Word for word, reproduce each line of the data below, omitting every image.

══ The data ══

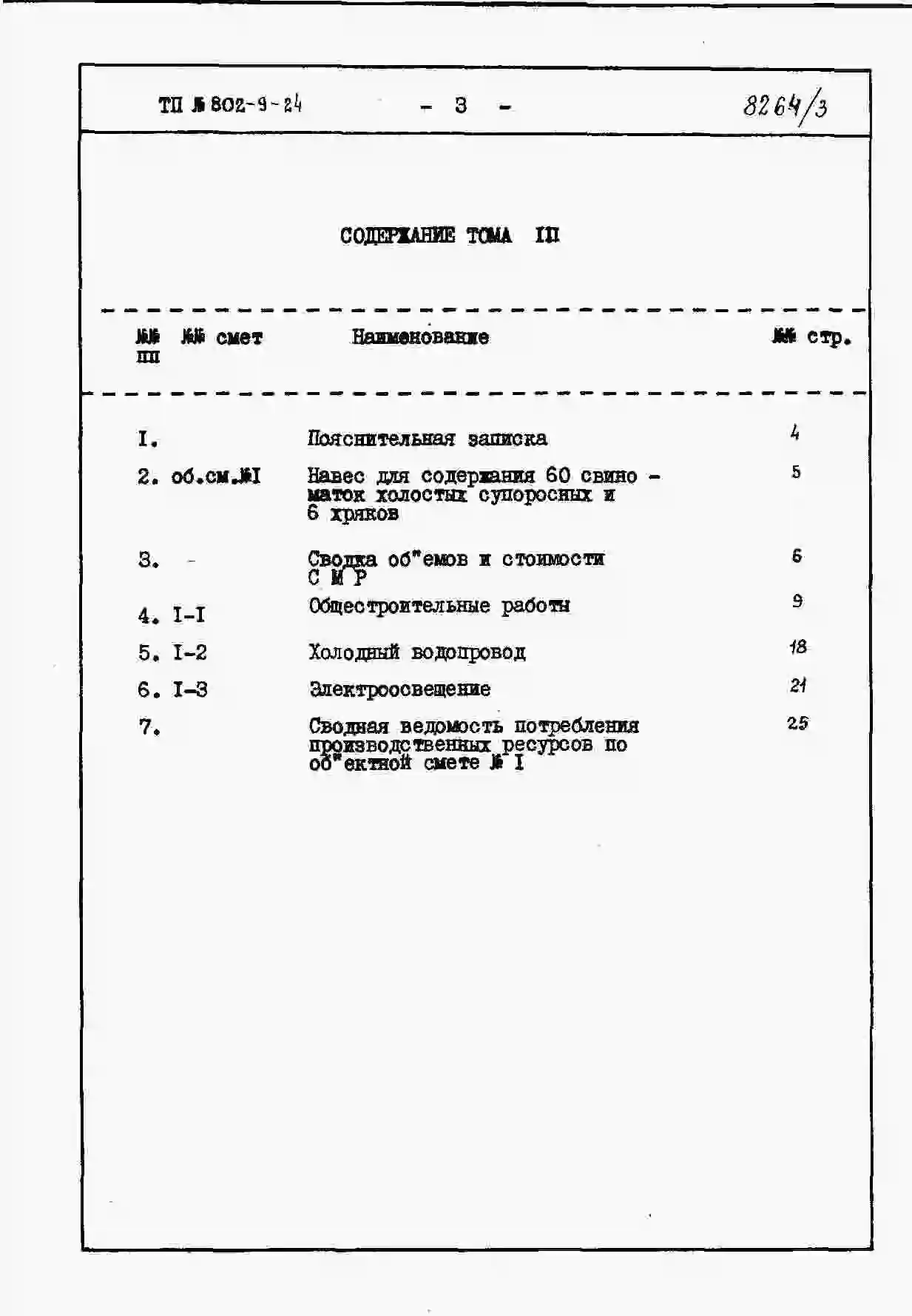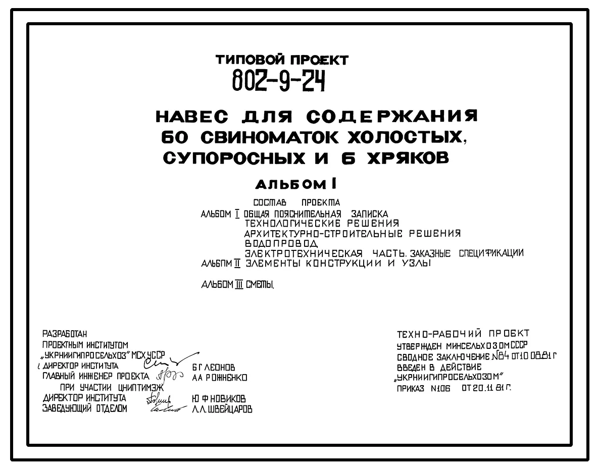 Типовой проект 802-9-24 Навес для содержания 60 свиноматок холостых, супоросных и 6 хряков
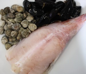 El arroz que vamos a hacer hoy es un arroz caldosos con caldo de pescado, rape, chirlas y clóchinas. Si queréis también le podéis poner unas gambas.
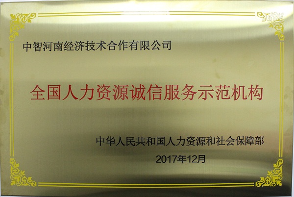 “全国人力资源诚信服务示范机构”牌匾
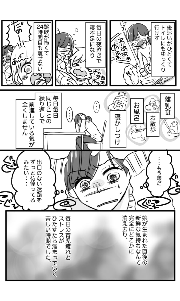 娘は、自分にとって初めての子ども。生まれた直後は、新鮮な驚きと感動に満ち溢れていました。可愛くて可愛くて仕方がなくて、頻回授乳や深夜のグズりで寝不足になっても全然辛くない! 自分が持てるエネルギーとモチベーションの全てを注いで、生まれたばかりの娘のお世話をしていました。

═══

• Solution to this task:
 Типовой проект 802-9-24 Навес для содержания 60 свиноматок холостых, супоросных и 6 хряков
 El arroz que vamos a hacer hoy es un arroz caldosos con caldo de pescado, rape, chirlas y clóchinas. Si queréis también le podéis poner unas gambas.
 “全国人力资源诚信服务示范机构”牌匾
 娘は、自分にとって初めての子ども。生まれた直後は、新鮮な驚きと感動に満ち溢れていました。可愛くて可愛くて仕方がなくて、頻回授乳や深夜のグズりで寝不足になっても全然辛くない! 自分が持てるエネルギーとモチベーションの全てを注いで、生まれたばかりの娘のお世話をしていました。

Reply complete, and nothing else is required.